Human Being: Between Before and Beyond 
Evoking the tensional and paradoxical life of human beings, he holds on to a dynamic and humanistic understanding of the human beings, who transcends their own self-understanding and definitions. Human being is the tensional appropriation between the past and the future, the memory and hope, the actual and the potential. It is in this tensional existence that human beings realis their own ever evolving nature, including that of bound freedom and limited relationship.  As bound freedom they are finite beings seeking the infinite. Experiencing limited love, they want to widen the horizon of understanding. Based on the concrete experiences of pleasure they are open to the infinite bliss, that remains open and ever elusive.

Thus he concludes that humans are free, to a very limited extent. This limited freedom provides him with the dignity and worth that they possess. They are capable of genuine love, also to a very limited extent, and establishing relationships, in spite of the contrary claims and experiences.

Death: Live It! 
As part of the dynamically tensional existence, human beings are “being-unto-death,” where the possibility of their own impossibility is always at the horizon.  At the same time, he is convinced that  only "Once you learn how to die, you learn how to live" (Mitch Albom). ' 
Further, following  Michel de Montaigne  we may hold that “To philosophize is to learn to die.”  So as humans beings we are called to live gratefully and accept death gracefully!
The paradox of life is when we recognise the depth of life, we also experience the depth of death!
Further, as human beings we need to take seriously the possibility of our own collective annihilation (Sixth Mass Extinction, Ecological Crises, etc.) or enhancement (Artificial Intelligence, Technological Singularity, Moral Creativity, etc.).

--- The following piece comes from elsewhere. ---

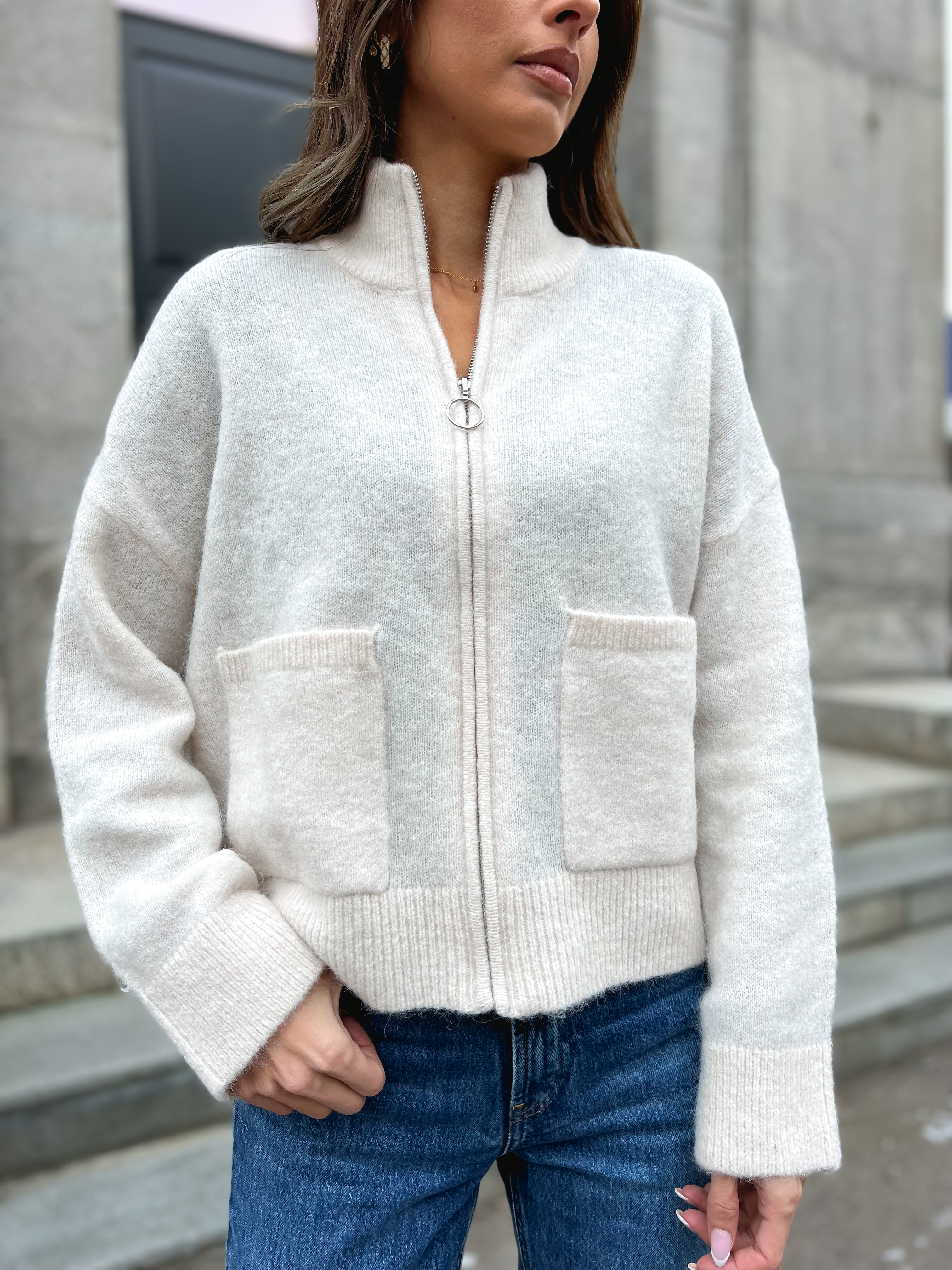 «Sia ras zipper knit cardigan» fra Selected Femme er en deilig og myk oversized strikket cardigan med store lommer foran og høy krage. Sia cardigan lukkes med glidelås.

Dialogue: Ever Approachable, Never Attainable 
For him, Human life is a dialogical encounter, where we approach the other more and more, but never exhaustively. Ours is always an asymptotic relationship that keeps on growing and does not achieve the fullness. In a dialogical mode, we are in the process, collectively, of realising our own selves. It is a challenging and painstaking process, demanding acceptance (of the past mistakes), forgiveness and readiness to reconcile.
Pandikattu considers the dialogical dimension of not only of religions, but also of the human existence. His second doctoral thesis on Bede Griffiths was published under the title"Dialog as Way of Life."  He also took up issues in science-religion dialogue, which according to him is "not an option but an obligation" for the very survival of the human species, believing it called for radial commitment. Two main areas of his research are physical immortality and a viable or sustainable lifestyle.
He is convinced that genuine and painful dialogue is the only way forward for human community.

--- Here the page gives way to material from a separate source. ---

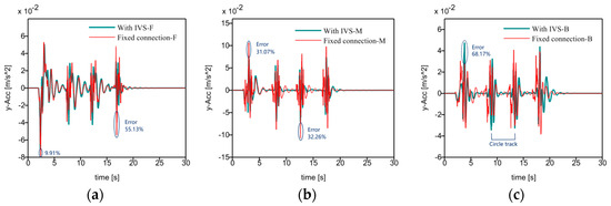 - Considering the IVS will increase the unloading factor when passing a curve during acceleration under crosswinds. The BF bogie has the greatest increase, of which the unloading factor increases by 7.27%. The derailment coefficient of FB, MB, and BB bogies increases by 4.51%, 3.76% and 6.94%, respectively. Moreover, the maximum value of the lateral acceleration of the head car when driving out of the spiral transition curve track is reduced by 55.13%, and the middle car is also reduced by 32.26% when driving out of the circle track. However, the maximum value of the lateral acceleration of the tail car increases by 68.17% when entering the spiral transition curve track. These results suggest that considering the IVS effectively reduces the maximum value of the lateral acceleration of the vehicle when passing the transition areas of the curved track, especially for the middle car.

From such a dialogical aspect the whole reality is dialogical. The infinite or God (also referred to as "The Reality") is our human life's enticing and elusive dimension. God is ever-approachable, but never attainable exhaustively. Like the horizon, which invites and recedes from us, God is always near and far at the same time. He bases this insight on scientific details like the lowest temperature reachable (t →0) and knowing that the beginning of Big Bang (T →0) is like the "horizon" which is never fully attainable.

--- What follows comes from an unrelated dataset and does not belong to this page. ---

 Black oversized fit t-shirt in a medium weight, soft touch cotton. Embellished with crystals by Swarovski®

Pandikattu says that the dialogical reality is relational and at the same time paradoxical. The paradox of love is that when two people, who have accepted their own emptiness and recognize their own nothingness, affirm each other, there emerges authentic love that is infinite. Thus, when one truly looks at reality and accepts its nothingness (even absurdity), there emerge traces of infinity. That is the paradoxical beauty of love and of our existence.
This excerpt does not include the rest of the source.